Listen to Problems, Not Solutions
When a customer submits a feature request, they are offering a solution to a problem they are experiencing. Your job is to look past the proposed solution and understand the underlying problem. A customer who requests "add a Gantt chart" might actually need a way to visualize dependencies between tasks. There could be multiple ways to solve that problem, and the best solution might look nothing like what the customer described.
This distinction is critical because customers are experts on their problems but not on your product architecture, technical constraints, or the needs of your broader user base. By focusing on the problem, you preserve your ability to design a solution that works for everyone, not just the loudest requester.
Let Feedback Validate, Not Dictate
Your product vision should come from a deep understanding of your market, your users, and the direction you believe the space is heading. Feedback should validate or challenge that vision—it should not replace it. When customer feedback consistently aligns with your vision, you have strong signal that you are on the right track. When it consistently diverges, that is a signal to re-examine your assumptions.
Think of feedback as a compass reading, not a set of turn-by-turn directions. It tells you whether you are headed in the right general direction, but you still need your own map. Tools like Planet Roadmap help you see the aggregate signal across all your feedback, so you can distinguish between one-off requests and genuine patterns that deserve strategic attention.
Use Roadmap Horizons to Manage the Balance
One practical way to balance feedback with vision is to divide your roadmap into time horizons with different input sources. Your near-term roadmap (this quarter) should be heavily influenced by customer feedback, usage data, and known pain points. Your medium-term roadmap (next quarter) should blend feedback with strategic bets. Your long-term roadmap (6-12 months out) should be driven primarily by vision and market trends.
- Near-term: Customer feedback and data-driven priorities dominate. You are solving known problems.
- Medium-term: Strategic initiatives meet validated customer needs. Feedback informs but does not dictate.
- Long-term: Vision-driven bets on where the market is heading. Feedback serves as a sanity check.
Avoiding Common Traps
The loudest customers are not always the most representative. Enterprise accounts with high revenue may push for features that serve their specific workflow but would confuse the majority of your users.

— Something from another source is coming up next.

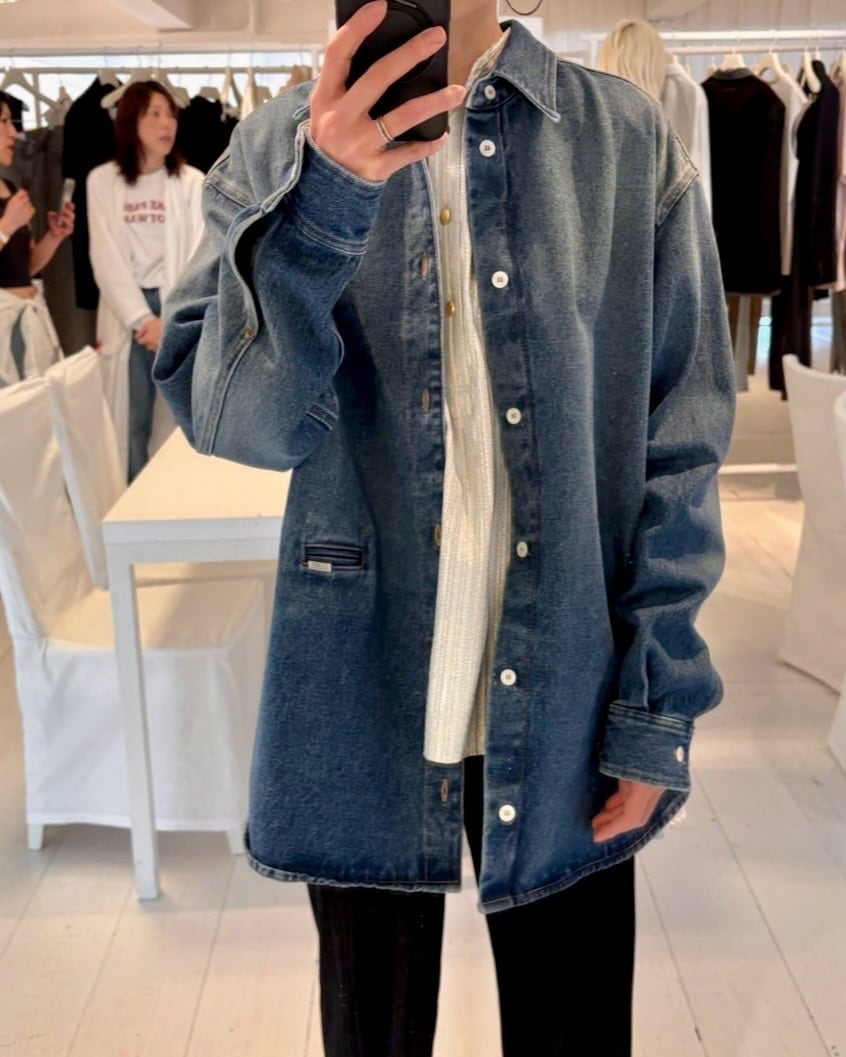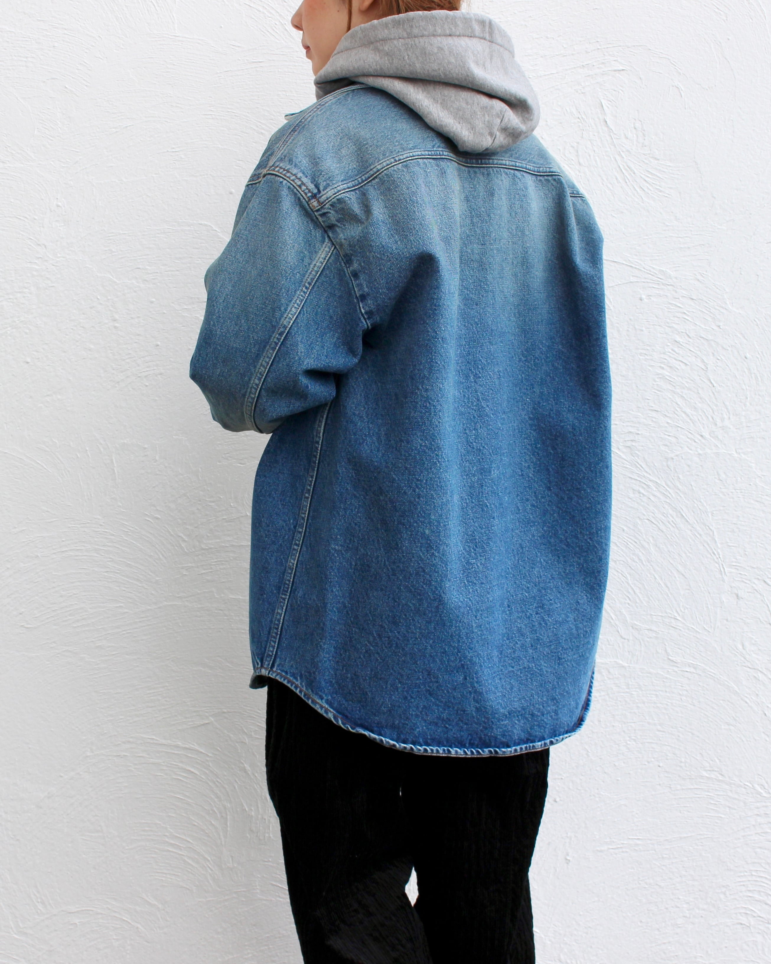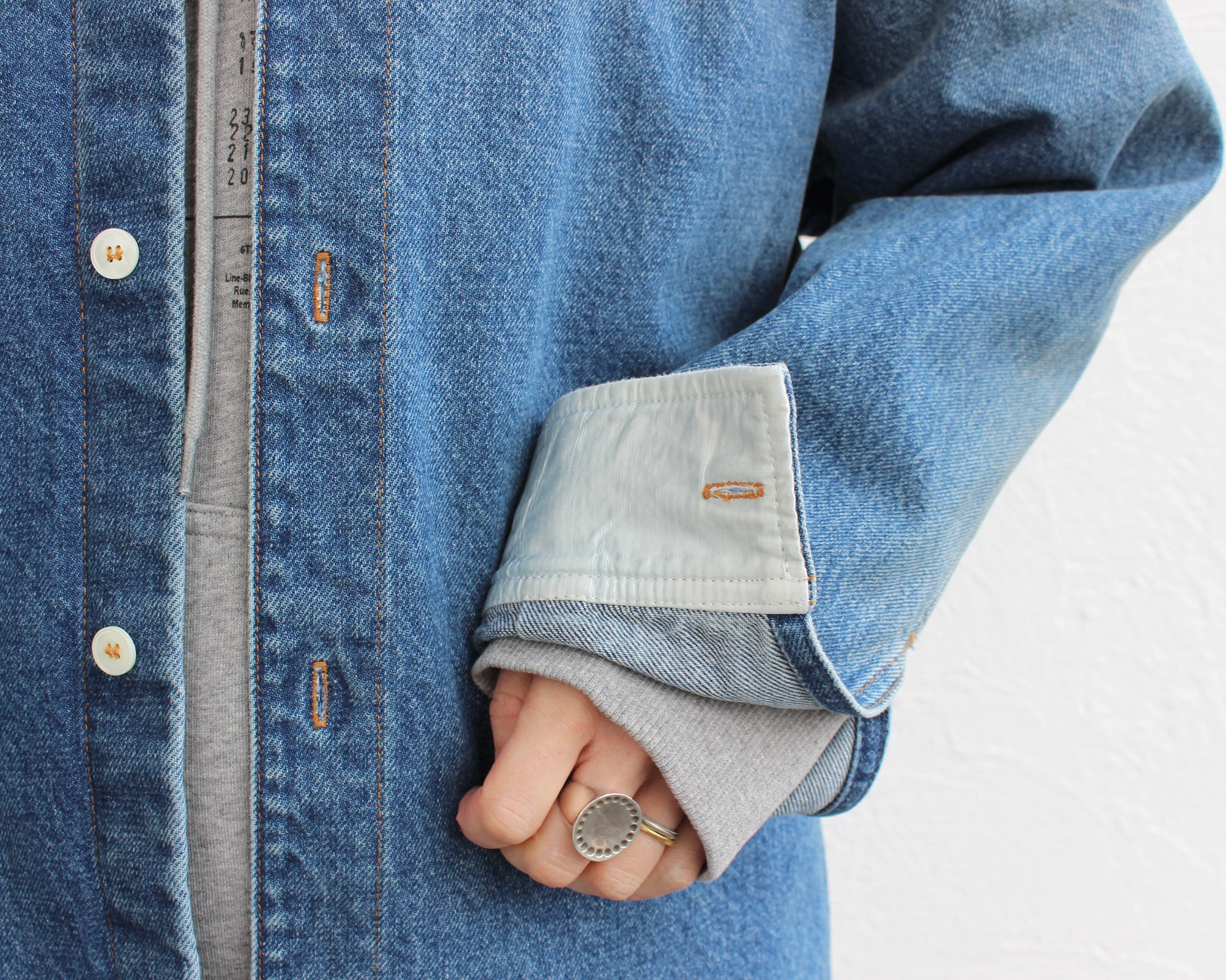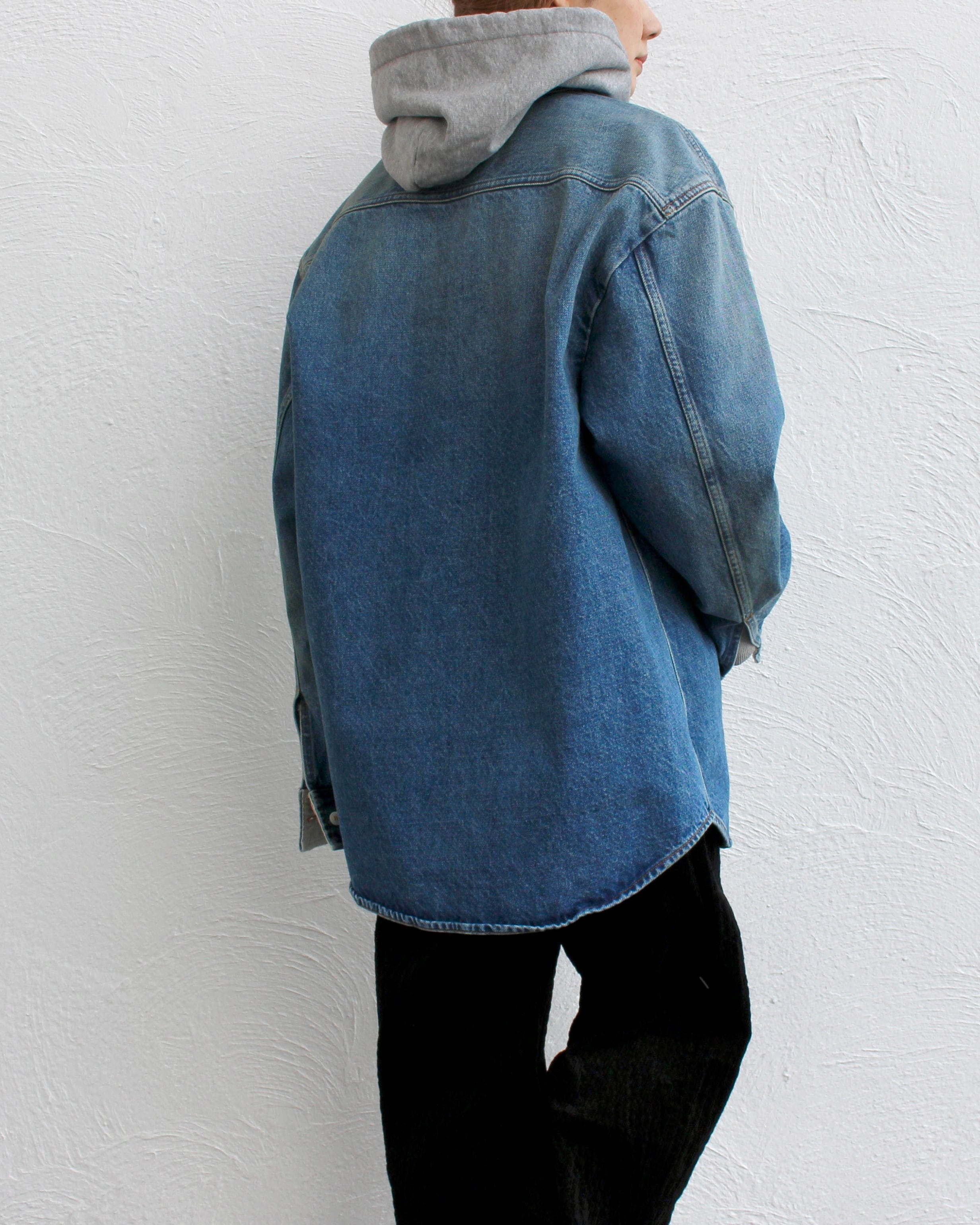 ざっくりとしたシルエットは、パーカーにざっくりと羽織るもよし、

Conversely, free-tier users may flood your portal with requests that do not align with the needs of your paying customers. Segment your feedback to understand who is asking and whether their needs represent a broader pattern.
Another trap is building for retention at the expense of acquisition. If all your roadmap decisions are driven by preventing existing customers from churning, you may miss the features that would attract new customers and grow your market. A healthy roadmap includes both retention-driven improvements and acquisition-driven innovation, guided by vision and grounded in feedback.